Inauspiciously tucked in the wide corridors of TriBeCa, down the long lobby of a 1920s era office building, one can find an unlikely master of one of the world’s oldest professions.
Arcade Bakery is far from the traditional, Parisian-style bakery you might be imagining. The bakery’s founder and proprietor, Roger Gural, has taken the necessary risks to achieve a clear mission – bring the joy back to bread. And he’s done just that. On the way to the office, tenants and employees of 220 Church street are greeted by the wafting scent of freshly baked baguette, pear chocolate danish, poppy seed babka, ham and cheese croissant and Gural’s signature sourdough rye. In fact, the aroma drifts all the way to the sixteenth floor.
Arcade is more than just an exquisite product – the strangely situated bakery also represents many realities of the dwindling bread industry in New York. Upon returning from training in France to his native New York, Gural noticed many discrepancies between the industry at home and abroad. “This whole gluten-free trend, which has no scientific basis, is ruining the industry,” said Gural in an interview with TravelDo.se.

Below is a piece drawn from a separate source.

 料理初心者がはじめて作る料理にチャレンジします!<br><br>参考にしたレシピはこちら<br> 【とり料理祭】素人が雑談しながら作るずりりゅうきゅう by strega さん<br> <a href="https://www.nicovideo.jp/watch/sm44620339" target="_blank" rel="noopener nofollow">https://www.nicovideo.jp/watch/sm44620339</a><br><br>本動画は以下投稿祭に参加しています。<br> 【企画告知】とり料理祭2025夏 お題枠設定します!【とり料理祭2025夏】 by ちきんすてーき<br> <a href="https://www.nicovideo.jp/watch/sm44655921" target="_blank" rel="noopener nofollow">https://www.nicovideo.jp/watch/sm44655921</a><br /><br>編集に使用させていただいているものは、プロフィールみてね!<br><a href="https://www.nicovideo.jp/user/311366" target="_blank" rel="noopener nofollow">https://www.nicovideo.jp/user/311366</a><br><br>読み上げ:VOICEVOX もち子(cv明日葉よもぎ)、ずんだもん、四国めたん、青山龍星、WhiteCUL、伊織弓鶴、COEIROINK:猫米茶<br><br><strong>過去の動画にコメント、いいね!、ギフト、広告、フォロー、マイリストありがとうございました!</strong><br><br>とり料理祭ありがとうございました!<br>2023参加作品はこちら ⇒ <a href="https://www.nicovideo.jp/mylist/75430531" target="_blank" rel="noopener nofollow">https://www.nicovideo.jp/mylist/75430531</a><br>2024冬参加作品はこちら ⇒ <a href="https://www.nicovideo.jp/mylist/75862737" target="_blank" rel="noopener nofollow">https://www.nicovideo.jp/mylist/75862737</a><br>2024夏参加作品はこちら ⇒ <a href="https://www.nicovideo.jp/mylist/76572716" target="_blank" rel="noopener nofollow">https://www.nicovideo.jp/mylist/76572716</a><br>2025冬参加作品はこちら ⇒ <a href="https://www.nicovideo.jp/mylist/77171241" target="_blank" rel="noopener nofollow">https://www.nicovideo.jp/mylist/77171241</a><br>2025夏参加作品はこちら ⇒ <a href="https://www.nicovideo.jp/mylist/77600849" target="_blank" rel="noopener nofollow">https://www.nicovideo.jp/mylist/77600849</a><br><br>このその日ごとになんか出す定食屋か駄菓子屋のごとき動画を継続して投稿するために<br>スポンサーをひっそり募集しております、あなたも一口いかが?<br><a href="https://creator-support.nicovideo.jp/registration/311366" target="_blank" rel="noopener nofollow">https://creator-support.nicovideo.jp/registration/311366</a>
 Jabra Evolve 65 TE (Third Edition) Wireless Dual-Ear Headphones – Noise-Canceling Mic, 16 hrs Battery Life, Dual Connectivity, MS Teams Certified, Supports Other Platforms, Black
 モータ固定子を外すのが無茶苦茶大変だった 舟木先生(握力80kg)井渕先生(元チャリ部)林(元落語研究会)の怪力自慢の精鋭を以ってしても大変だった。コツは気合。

Reminiscing upon a bitter kale smoothie he ordered at a local juice spot, Gural struggled to comprehend why Americans feel like they must torture themselves to attain a healthy diet. “There are so many ways to prepare kale and make it delicious, but most people now just want to inject the health into their bodies. They think that if they cut bread out of their diet, they will be healthier. In reality, it’s possible and natural to follow a healthy diet that includes bread on a daily basis.”

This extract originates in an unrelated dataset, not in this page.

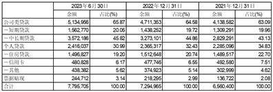 个人贷款余额24,160.37亿元,较上年末增加507.20亿元,增幅2.14%,在客户贷款中的占比较上年末下降1.44个百分点至30.99%。其中个人住房贷款较上年末减少158.21亿元,降幅1.05%,在客户贷款中的占比较上年末下降1.54个百分点至19.20%;信用卡贷款较上年末增加30.82亿元,增幅0.65%。

Part of the problem, according to Gural, is the experience that Americans are having with bread in everyday life. “People go to the supermarket and get bread that’s loaded with preservatives and it’s not fresh and it’s not a pleasant experience. Now they’re being told that it’s bad for them. So, it’s easy for them to say ‘I’ll just avoid this altogether.’”
Gural has taken it upon himself to bring the joy back to an ancient experience that has been perverted by the American food industry. In order to accomplish that goal, it must be done in a way that the average American – or New Yorker, in this case – can incorporate into his or her lifestyle. That’s where the window comes in. Those occupying the offices at 220 Church Street, along with all those in the surrounding area, can enjoy a croissant or demi-baguette to begin the day. “The French don’t hesitate to eat a breakfast that consists mainly of bread and they’re much healthier, on average,” said Gural. “My kids and their friends refuse to go near a McDonald’s, but they don’t hesitate to go to Chipotle.”

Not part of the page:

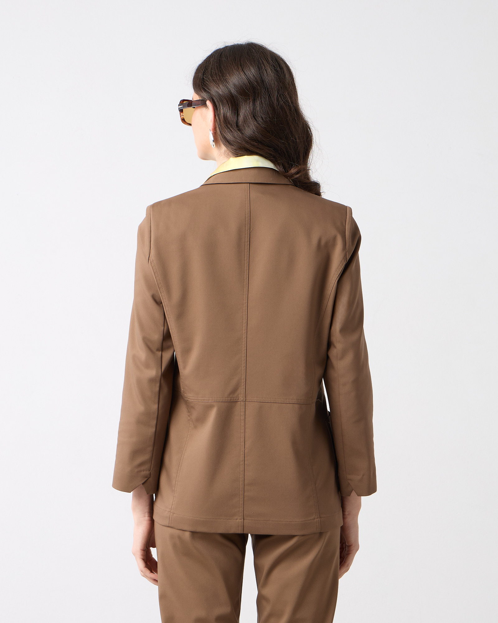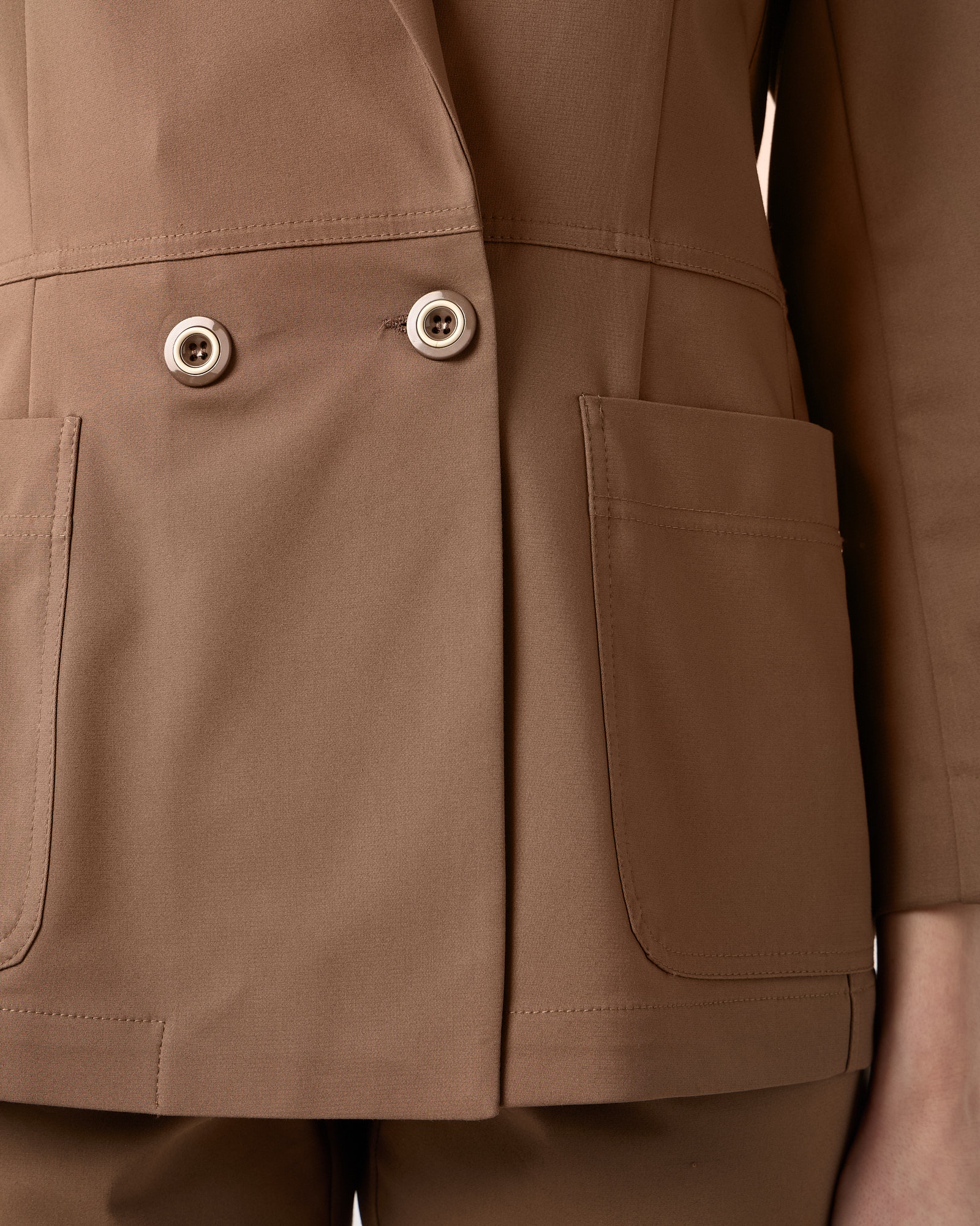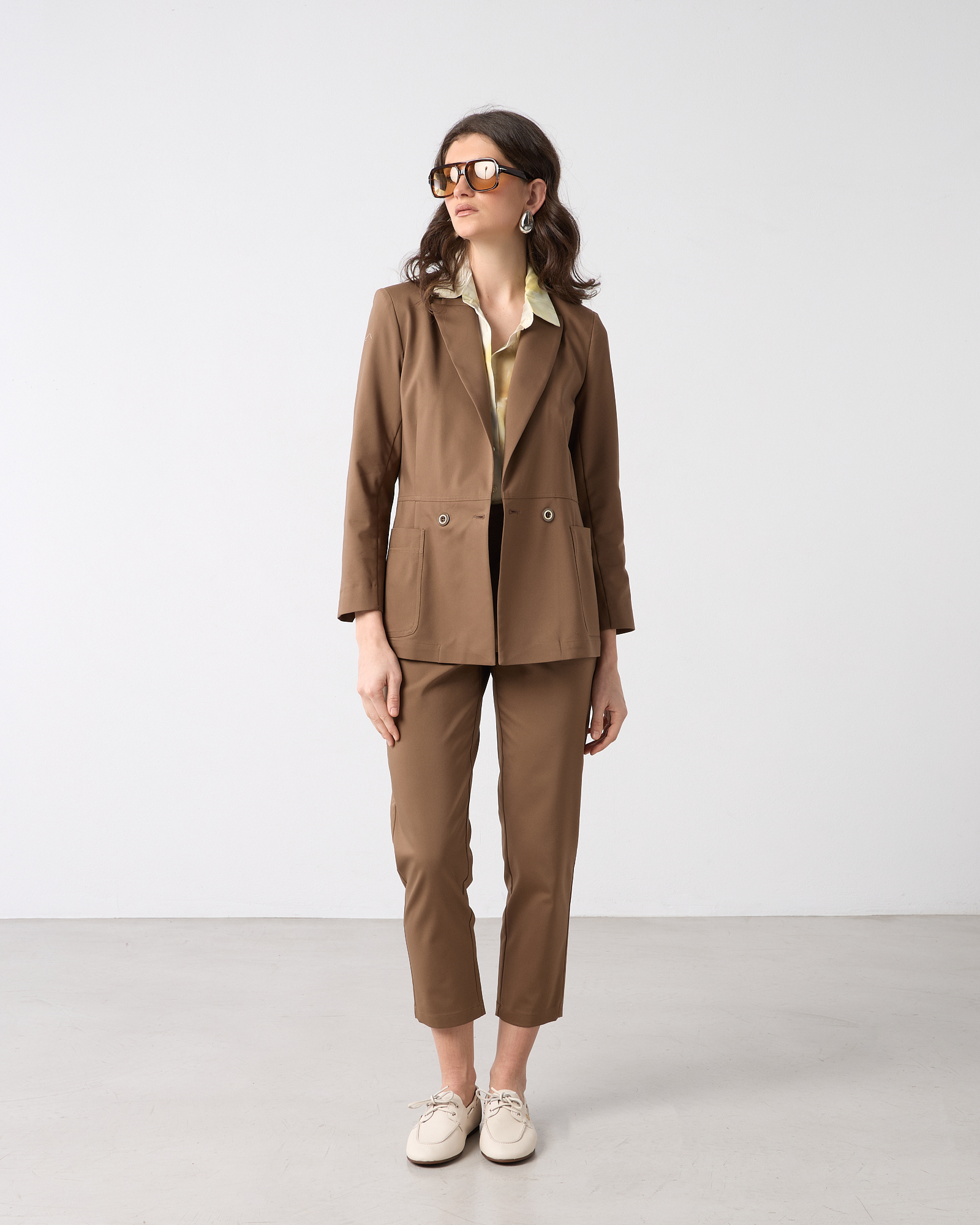 Σακάκι με γιακά και πέτο, μακρυμάνικο, σταυρωτό, κλείσιμο με κουμπιά, μπροστινές patch τσέπες, σε καπαρντινέ υφή, άνετη εφαρμογή

Though the present may be bleak for the non-pastry baking industry, Arcade has garnered much acclaim and popularity since opening its doors a year ago. “You just have to get up and make a good, worthwhile product and hope that all these trends eventually turn around.” So far, Gural’s intuitive and innovative approach has spelled success.
It’s worth noting that the crew over at Arcade offers a product that tends to appeal to most New Yorkers – pizza.
The fresh, delicious pizzas at Arcade have become a lunchtime staple for the line of regulars who gather around the sales window at noon. Those seeking a quick, cheap slice on the way home should be weary, as the pizzas at Arcade are made with the same amount of time and devotion as the litany of yeasted delicacies presented in the window each morning.